For the browsing consumer, Fielding says Therma-Tru offers tools to help them discover the right door option on their own.
“We have some interactive programs on our website for homeowners and contractors to be able to go on there and explore,” says Fielding. “We have a program called ‘Build Your Door’ on our website which allows owners to go through and look at … the different entry door selections and put in different pieces of glass and they can save those creations and they can go back and look at those entryways they configured … then take it to a dealer to get a quote on it.

“There’s another software tool on our website called ‘Picture Perfect’ designed for dealers and contractors working with homeowners for replacement purposes. They come out to the house, take a picture of the home and can swap out doors on the home to give a visualization tool for homeowners to see how the door can work with the home,” he adds.

On the Upswing
Though sales may have been weak over the past few years, industry members agree the desire for decorative glass and sales continue to increase as the market changes.

“Our decorative door glass sales are very strong, we’ve seen a shift in the types and sizes people are buying,” says Fowler. “They’ve moved from large doors to smaller lites.
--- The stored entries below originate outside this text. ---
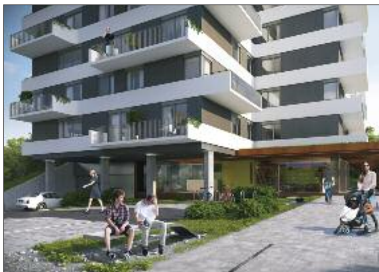
Vizualizácia. Pečná vyhlídka ponúkne 52 bytov.

sme základný koncept, architektonickú štúdiu a ponúkli sme mestskej časti a magistrátu realizáciu týchto verejnoprospešných stavieb na vlastné náklady našej spoločnosti. Pôvodné stromy budú citlivo do-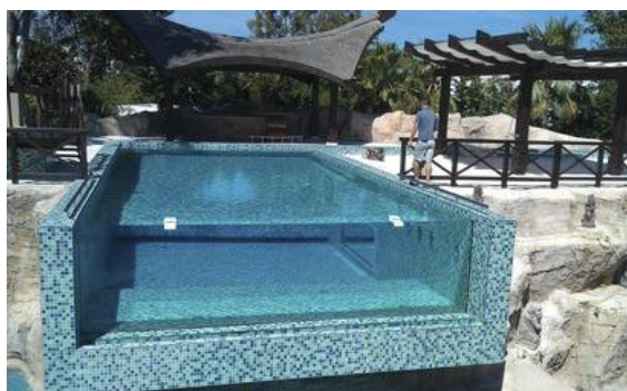
Piscina realizada con bloque AQUARIUM de 70 mm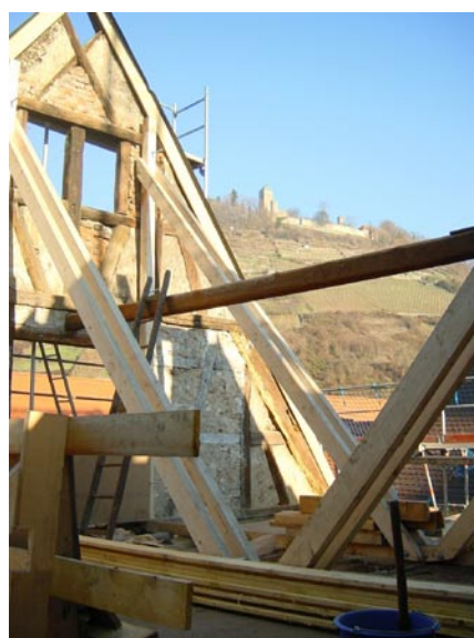
Sicherung der Giebel in der Bauphase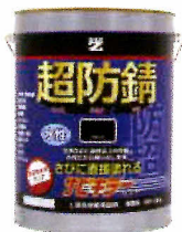
サビキラーカラー-4Kg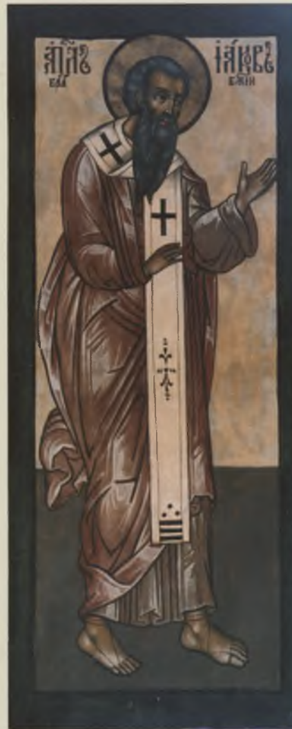
Икона «Апостол Иаков». XVII в. КБИАХМЗ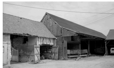
Hangar et ancien pigeonnier, depuis la cour.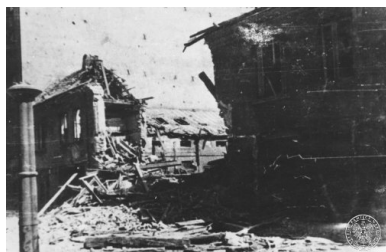
Budynek mieszkalny przy ul. Jasnej zbombardowany przez niemieckie samoloty w czasie Powstania Warszawskiego.

Po dwukrotnej zmianie lokalu mego biura w północnej części Śródmieścia przeszedłem w porozumieniu z kom. Monterem po upadku Powiśla do południowej części, gdzie w lokalu przy ul. Wilczej dotrwałem do kapitulacji. Przede mną przeniosły się na ten teren moje władze centralne oraz wojskowy szef zaopatrzenia, w pobliżu którego musiało się znajdować moje biuro.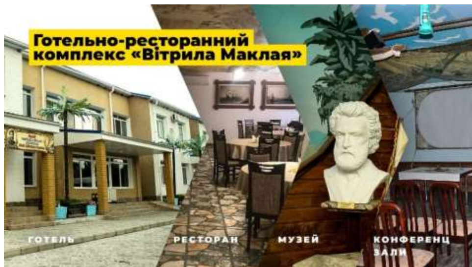
Рис. 3.1. Готельно-ресторанний комплекс «Вітрила Маклая» [21]

Комплекс «Вітрила Маклая» розташований в історичній частині Батурина, що має сильну природно-історичну складову; поєднує музейну та культурно-освітню функцію з проживанням на природі та вживанням місцевих продуктів; надає можливість відпочинку на природі, дозвілля, ознайомлення з історією, природою та культурою краю. Також «Вітрила Маклая» важливі як магніт для туристів, які хочуть поєднати екскурсійну програму (історичні пам'ятки Батурина) з проживанням в більш спокійному, рекреаційному режимі (рис. 3.1)[21].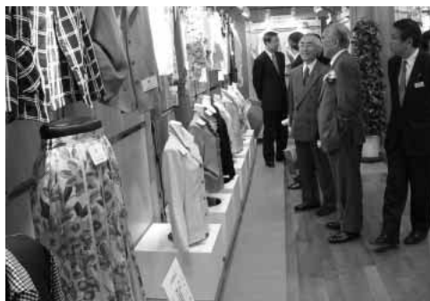
リトル問屋街に最新作を展示

「問屋街再発見」をメインテーマに百五十社が参加し、商品展示ゾーン「リトル問屋街」に春・夏向けの最新作を並べた。 このリトル問屋街とは、問屋街を東部・中部・西部の三つの地区に分けてそれぞれで商品を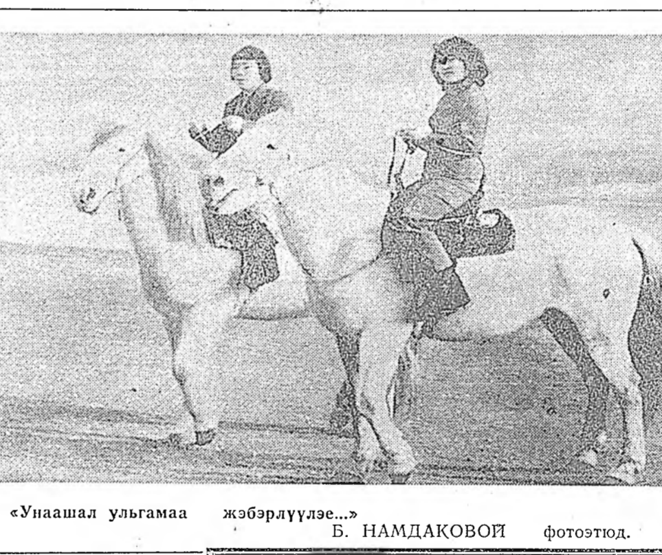
«Унашал ульгамаа жөбөрлүүлэе...» В. НАМДАКОВОЙ фототюд.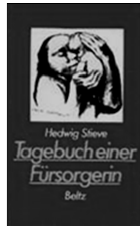
Abb. 1: Neuauflage des Tagebuches von 1983

Das Tagebuch von Hedwig Stieve beschreibt den Arbeitsalltag, die problematischen Arbeitsbedingungen des neuen Berufes und die eigene Betroffenheit gegenüber Not und Elend ihrer Schützlinge. Die Beschreibungen, aus denen nachfolgend einige wenige Auszüge wiedergegeben werden, beginnen zeitgleich mit der Wiederaufnahme ihrer Arbeitstätigkeit nach einer längeren Unterbrechung. Das Tagebuch selbst umfasst insgesamt rund 135 Seiten.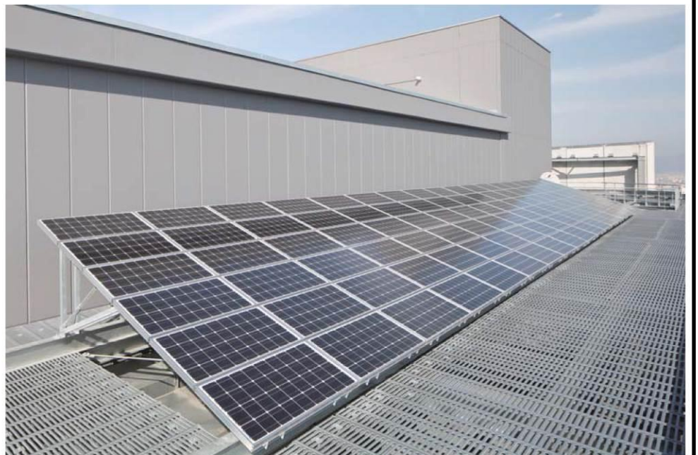
屋上に設置した10kWの太陽光発電パネル

You’re seeing a smaller craftsman option instead of a full lite.”

“I think it’s going to grow differently than it has in the past,” she adds. “The sizes are going to change and that’s going to be defined by the style of door people are choosing. Traditionally, door glass has been very ornate, with beveled glass, but we’re seeing a trend toward mid-century modern designs which are simpler and not so ornamental. All of the door manufacturers we supply are hitting the craftsman style. You have a lot of people renovating craftsman houses as well as new homes, which are taking architectural cues from craftsman styles, so we’re going to continue to grow that side of the business.”

“People are starting to reach out again for the more expensive decorative glass options for their homes now, versus during the recession when they opted for the less expensive option, or nothing at all,” notes Washington.
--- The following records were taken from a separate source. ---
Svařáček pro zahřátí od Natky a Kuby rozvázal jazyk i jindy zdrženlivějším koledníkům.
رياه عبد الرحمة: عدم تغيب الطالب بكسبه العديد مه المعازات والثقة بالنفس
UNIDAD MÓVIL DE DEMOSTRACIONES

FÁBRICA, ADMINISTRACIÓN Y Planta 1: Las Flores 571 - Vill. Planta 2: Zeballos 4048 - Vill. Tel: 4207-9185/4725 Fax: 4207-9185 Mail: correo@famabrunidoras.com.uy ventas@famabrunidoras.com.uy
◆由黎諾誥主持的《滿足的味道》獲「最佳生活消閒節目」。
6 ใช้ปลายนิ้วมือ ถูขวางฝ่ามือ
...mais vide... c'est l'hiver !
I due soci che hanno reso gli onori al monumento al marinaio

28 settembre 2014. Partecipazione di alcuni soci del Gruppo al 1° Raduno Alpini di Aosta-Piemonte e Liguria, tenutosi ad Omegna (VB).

“It’s still not one of the needed materials and I don’t think the economy is back where it was at its height. I think people who are loosening their wallets are opting for decorative glass, but I don’t think decorative glass is something average consumers are considering as much for their projects,” she adds.

Though the market isn’t back to pre-recession levels, some members agree it will eventually see a significant upturn.
“Being on the custom side of things, the remodeling sales are what kept us going. With housing starts increasing decorative glass is likely on the tail of that, not the front,” says Kenyon.

“Decorative glass is poised to grow,” states Contat. “The trends of including sidelites, homes getting smaller and rounding out your whole door system may change but if somebody has a lite in their window now, they want to replace it. You won’t see people trading down. When you think of the new homes that are being built, I think decorative will always play a role in it and grow as long as you are offering things that they like.”

Kenyon says he imagines the market as the Kentucky Derby, with everyone poised and ready, waiting for the buzzer to go off and the gates to open.

“We learned a lot over the last five years, though, so we’re looking at some growth in 2013,” says Kenyon. “I think everyone got smarter and they’re waiting to get out of the gates and start the race.”